Rules for Using SQL Statements
This section summarizes the rules for using SQL statements. The following table shows the SQL naming conventions used in ADOCE.
Summary
|
Fields and indexes
|
Tables
|
Length of characters |
1<=n<=64 |
1<=n<=31 |
Alphanumeric |
Yes |
Yes |
Control characters (ASCII values 0 through 31) |
No |
No |
Disallowed |
`. ! ‘ [ ] " * ? |
`. ! ‘ [ ] " * ? |
Explicitly allowed |
No |
_ - + = , ; @ # $ |
Leading or trailing white space or periods |
No |
No |
Interior spaces |
Yes |
Yes |
Interior periods |
No |
No |
The following criteria apply to SQL statements:
- White space consists of the characters space, tab, newline, and linefeed.
- Runs of white space are treated as a single white-space character in all cases except within strings enclosed by quotation marks.
- White space is ignored except within strings enclosed by quotation marks or when the white space serves as a separator.
- Quotation marks around object names are required when names contain elements other than alphanumeric characters and/or the underscore.
- An SQL statement can end in a trailing semicolon, which is ignored.
- An SQL statement can be no longer than 2,048 characters.
- You can enclose strings with either double or single quotation marks. There is no escape mechanism for actual quotation marks within strings. You can use square brackets to enclose object names but not strings.
- Quotation marks must be used to enclose table or field names that are not alphanumeric text. The exception is the underscore character, which can be used without enclosing quotation marks.

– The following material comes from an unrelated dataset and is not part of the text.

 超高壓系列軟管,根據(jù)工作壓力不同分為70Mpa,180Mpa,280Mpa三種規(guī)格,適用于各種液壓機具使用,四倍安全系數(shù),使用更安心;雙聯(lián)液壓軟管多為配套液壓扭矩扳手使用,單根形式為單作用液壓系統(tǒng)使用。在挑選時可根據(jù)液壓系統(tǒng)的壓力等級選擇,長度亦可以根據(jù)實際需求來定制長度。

- Statements are case sensitive when assigning data to a field.
- SQL is always in English and dates are interpreted according to the current user’s locale. Use the “yyyy/mm/dd” format to provide generic locale-independent dates. SQL keywords are not localized.
- Table names and field names must contain a leading alphanumeric character.

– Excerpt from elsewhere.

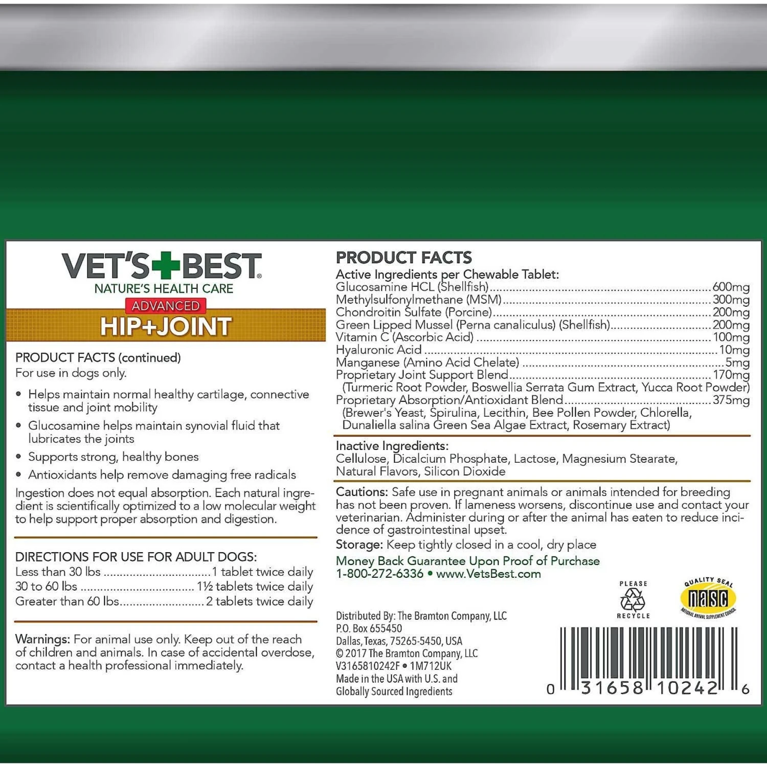 Vet’s Best Advanced Chewable Tablets Joint Supplement For Dogs & Vet’s Best Aches + Pains Vet Formulated For Dog Occasional Discomfort Hip & Joint Support Chew Supplement For Dogs

- An empty SQL string generates the DB_E_NOCOMMAND error value.
- A table name cannot contain periods, exclamation points, accent graves, brackets, leading spaces, or control characters. The name has a maximum length of 31 characters.
Other rules and limits of the SQL control include the following:
- Constant literals are limited by memory.
- Tables are limited to 255 columns.
- Query results are limited to 64k.
- Table and procedure names are limited to less than 31 characters.
- Field names can be up to 64 characters.
- Up to three fields can be sorted in an ORDER BY clause.